Which SEC coach has the toughest job in 2015?

This week’s edition of The Student Section college football roundtable is all about the SEC. TSS Associate Editors Bart Doan and Terry Johnson join staff writer Kevin Causey and special rotating guests in our weekly roundtable discussing all things college football.

To talk about SEC football as we are joined by Senator Blutarsky of Get The Picture.

Question: Which coach in the SEC has the toughest job this season?

Senator Blutarsky
On Twitter @MummePoll

The lazy answer is Derek Mason at Vanderbilt. Not only is he coaching at what has been the weakest program in the conference for decades, he’s following in the footsteps of a coach in James Franklin who managed to beat the odds and elevate the program during his term there.

Of course, just because an answer is lazy doesn’t mean it isn’t true.

Bart Doan:
On Twitter @TheCoachBart

The answer is always Vanderbilt, every year, no matter what, but because Vanderbilt is low hanging fruit in this case and is basically “going to a steak house and ordering chicken fingers” off the menu, we won’t choose them. They have inherent disadvantages. This year, the challenge falls on Hugh Freeze and staff in Oxford.

Ole Miss is coming off of a breakthrough 2014 where it lingered around the top of the polls all season. Expectations won’t let up because that’s not how it works. The problem is, the schedule is morbidly brutal and then you toss in the fact that the SEC West looks like one of those rooms in a fake haunted house where the monsters keep belting you with giant sacks of fake bloody meat. At Mississippi State. At Alabama. At Auburn. At Florida. Not that it necessarily is supposed to be easy, but when you look at some of the losses the team sustained and then factor in that schedule, you’re looking at the intersection of “expectations” and “schedule” and basically there’s a troll under the bridge at said intersection.

Kevin Causey:
On Twitter @CFBZ

I think the coach that has the most difficult job in the SEC this season is none other than Steve Spurrier. From 2011 to 2013, the Gamecocks went 33-6 overall and 18-6 in the SEC. He set the bar pretty high for the Gamecocks during that stretch.

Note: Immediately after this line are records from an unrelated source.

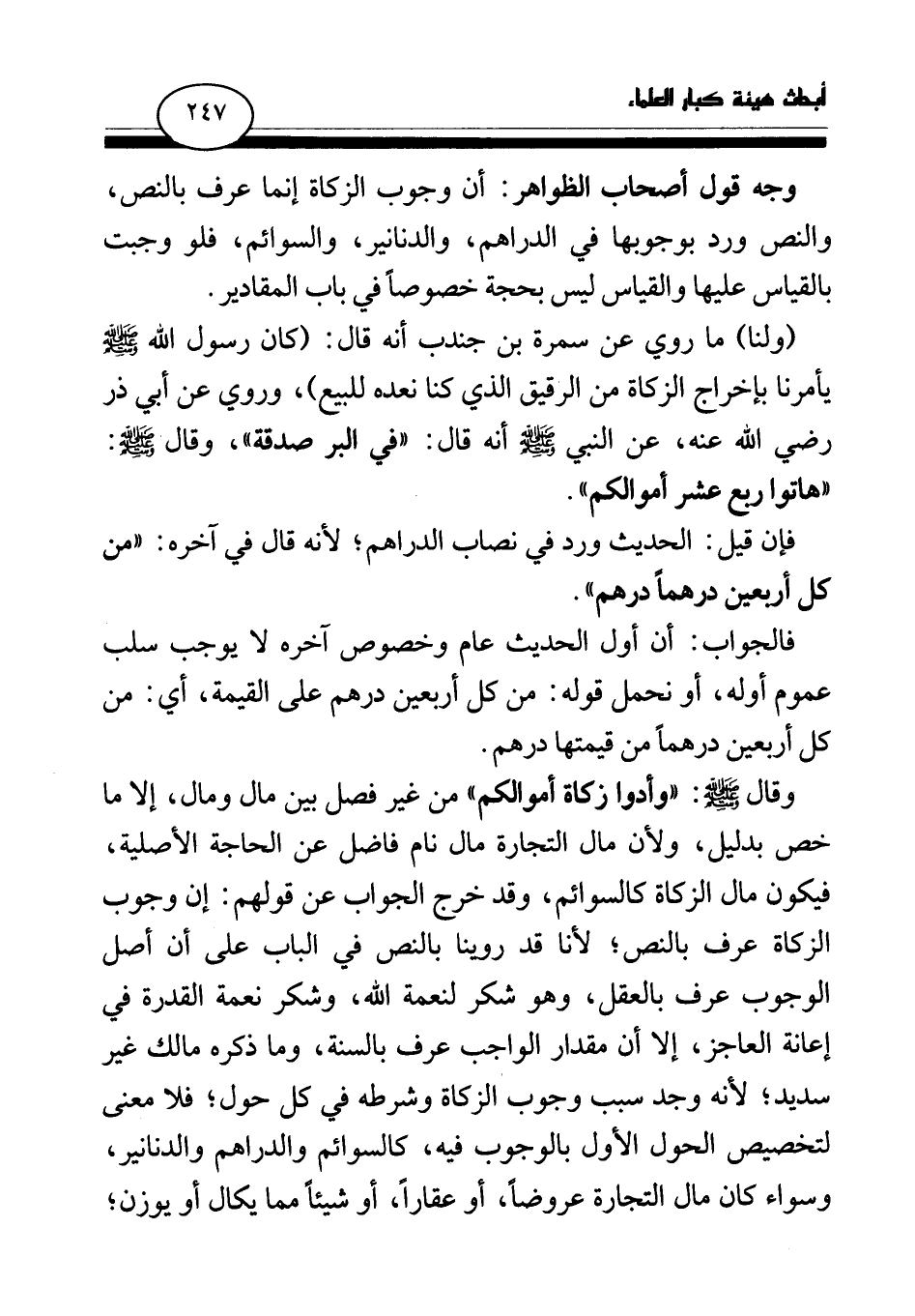 وقال صلى الله عليه وسلم: «وأدوا زكاة أموالكم (¬3) » من غير فصل بين مال ومال، إلا ما خص بدليل، ولأن مال التجارة مال نام فاضل عن الحاجة الأصلية، فيكون مال الزكاة كالسوائم، وقد خرج الجواب عن قولهم: إن وجوب الزكاة عرف بالنص؛ لأنا قد روينا بالنص في الباب على أن أصل الوجوب عرف بالعقل، وهو شكر لنعمة الله، وشكر نعمة القدرة في إعانة العاجز، إلا أن مقدار الواجب عرف بالسنة، وما ذكره مالك غير سديد؛ لأنه وجد سبب وجوب الزكاة وشرطه في كل حول؛ فلا معنى لتخصيص الحول الأول بالوجوب فيه، كالسوائم والدراهم والدنانير، وسواء كان مال التجارة عروضا، أو عقارا، أو شيئا مما يكال أو يوزن؛
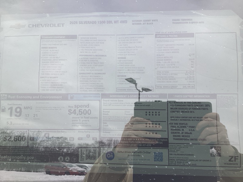 Summit White 2026 Silverado 1500 Chevrolet WT 4D Extended Cab 4WD 8-Speed Automatic 2.7L I4 Turbocharged DOHC 16V LEV3-SULEV30 310hp Price includes: $1000 - GM Bonus Cash. Exp. 02/02/2026 $3000 - Chevrolet Consumer Cash Program. Exp. 02/02/2026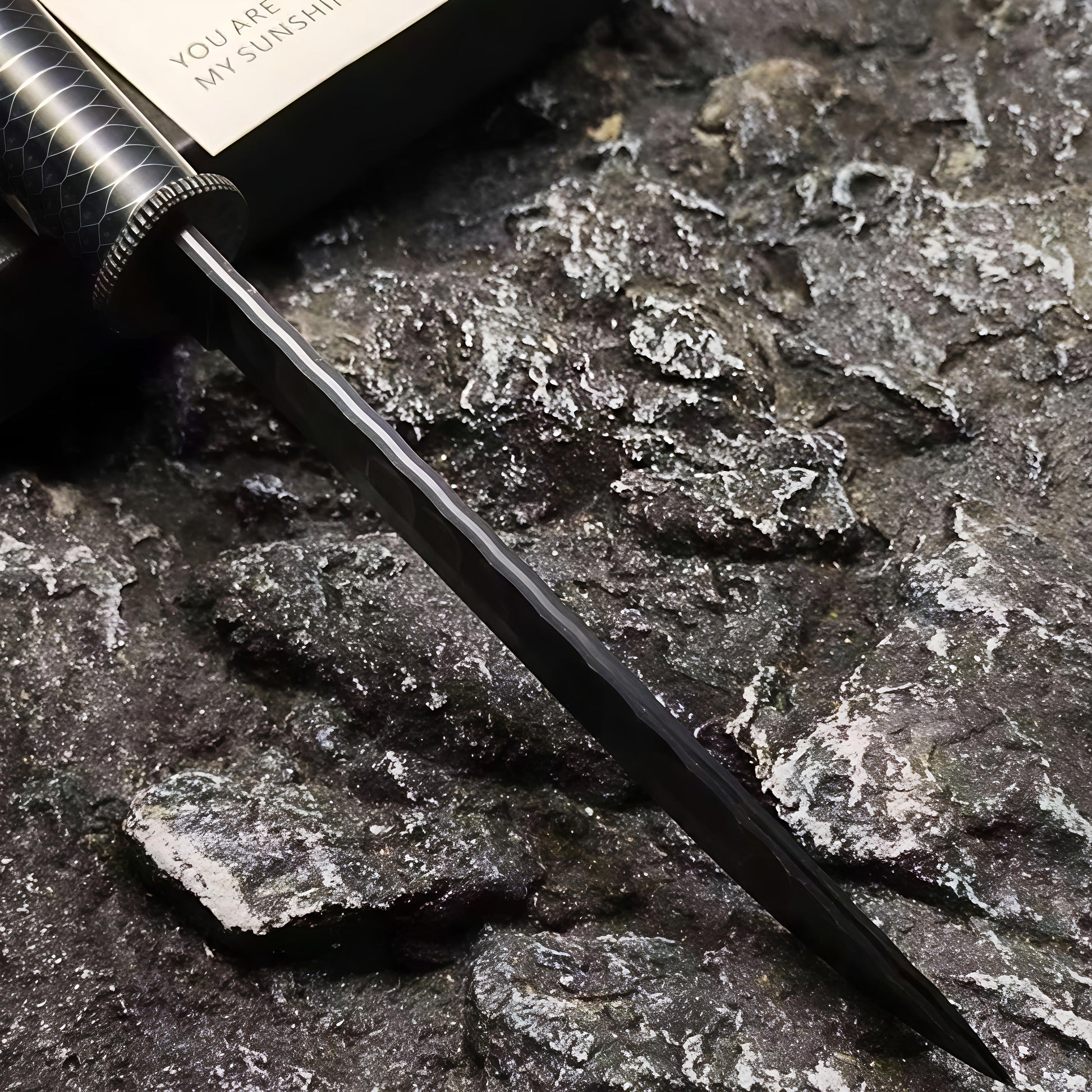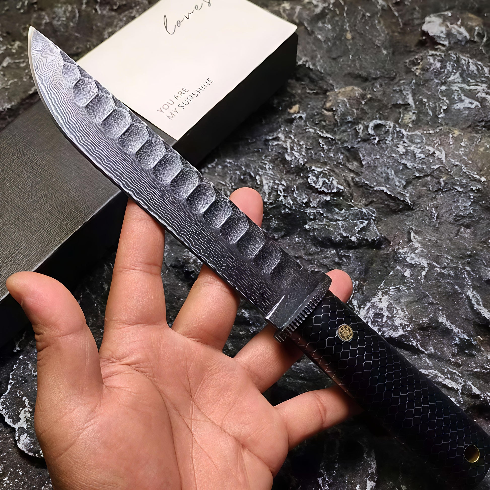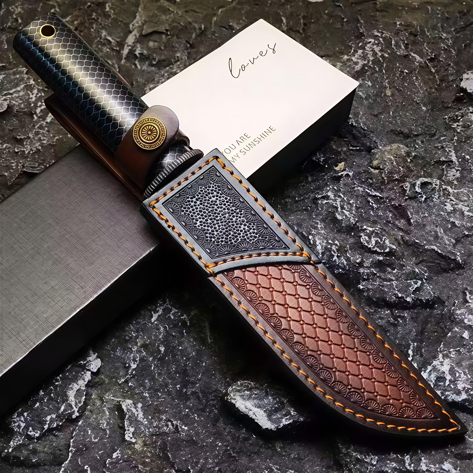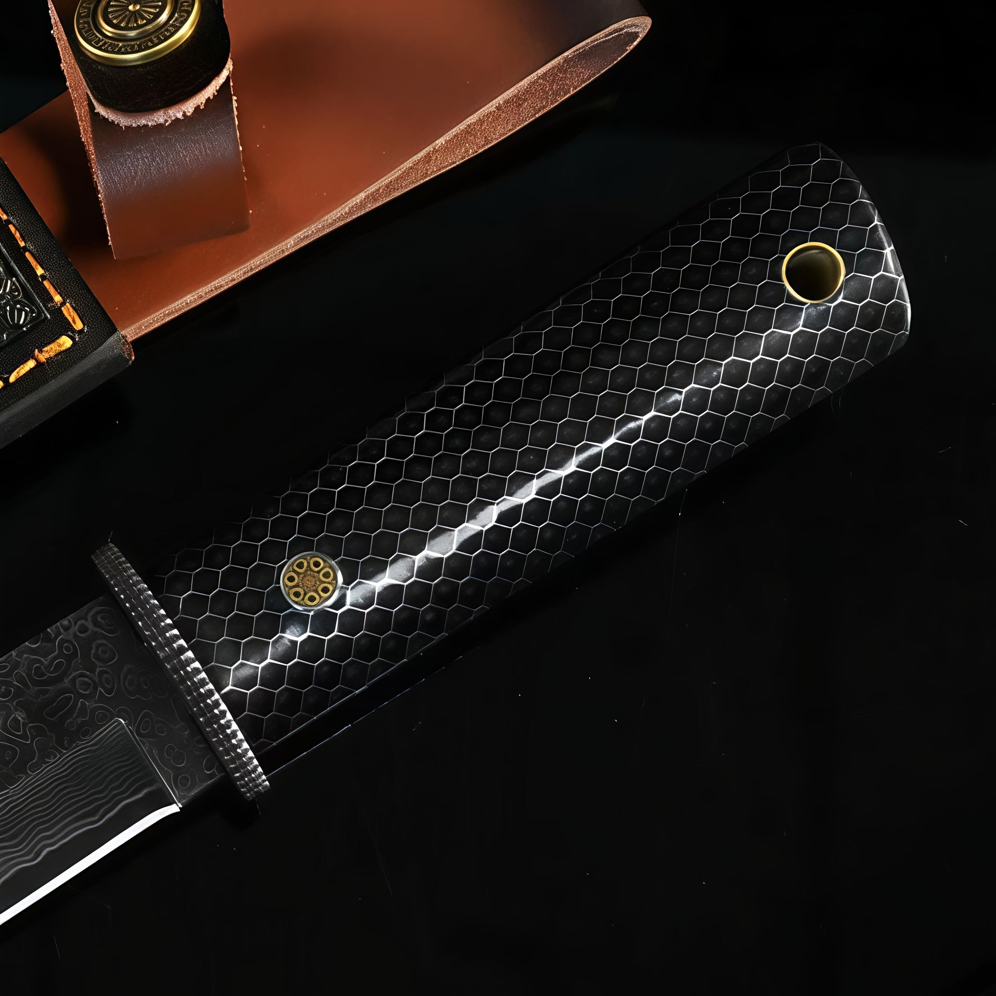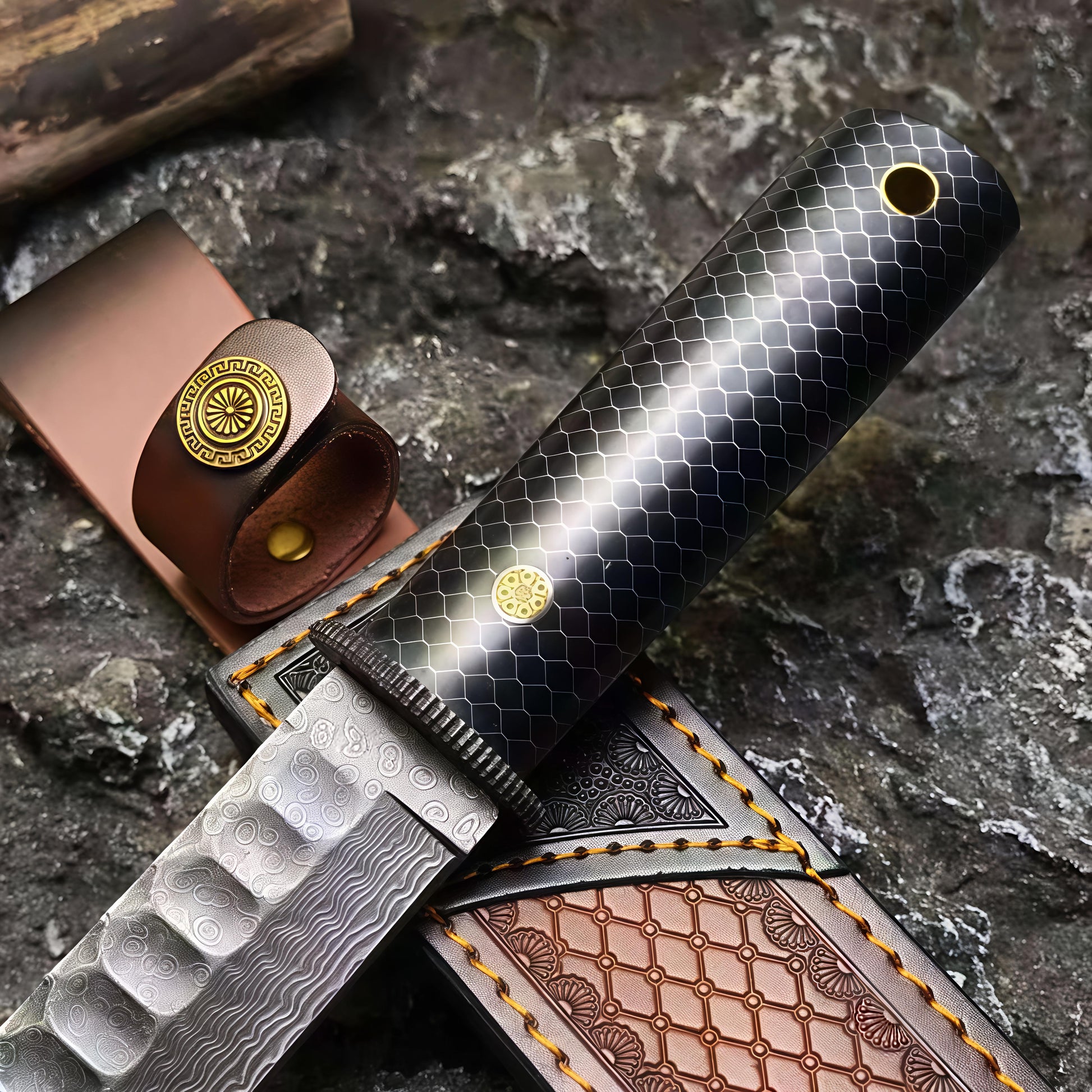 The AMOS is built for those who refuse to settle. Forged in Damascus VG10 steel with a hand-hammered concave blade, this knife dominates every cut. Carbonized blackening and cold-water sharpening technology eliminate meat stick—pure efficiency with every stroke. Full-tang construction paired with a resin and aluminum film handle delivers unwavering control in the most brutal conditions.From breaking down game in harsh conditions to executing surgical kitchen cuts, the AMOS is pure performance: a blade that refuses to quit, engineered for those who won't either.

Then they went 7-6 overall and 3-5 in the SEC in 2014. There are questions about Spurrier’s age and whether or not he’s in it for the long haul. Spurrier is holding press conferences with the express purpose of ripping on sports writers. Spurrier is in the spotlight. Some of it is his own doing but he’s definitely put himself into a place where his team needs to come out firing on all cylinders after their sub-par 2014.

The SEC East is wide open but after last year, can Spurrier right the ship or is he going to sail off into the sunset. 2015 will let us know the answer to that question.

Terry Johnson:
On Twitter @SectionTPJ

Even though I agree with Mr. Blutarsky about Vanderbilt, I think there’s actually a tougher coaching assignment in the SEC this fall.

That dubious distinction falls to Jim McElwain of Florida.

Let’s be honest: as someone who’s regarded as one of the top offensive minds in college football, many Gator fans are expecting McElwain to turn the offense around this season. That’s going to be a very difficult task. The offense was absolutely awful under Muschamp’s watch, ranking 105, 104, 115, and 96 nationally in yards per game over the last four years. Every effort to shake things up – whether it was a different coordinator, quarterback, or philosophy – seemed to fail miserably.

Things won’t get any easier this fall. Florida needs to find seven new starters on offense, including four on the line. While that’s not an impossible task, it’s certainly not an easy one.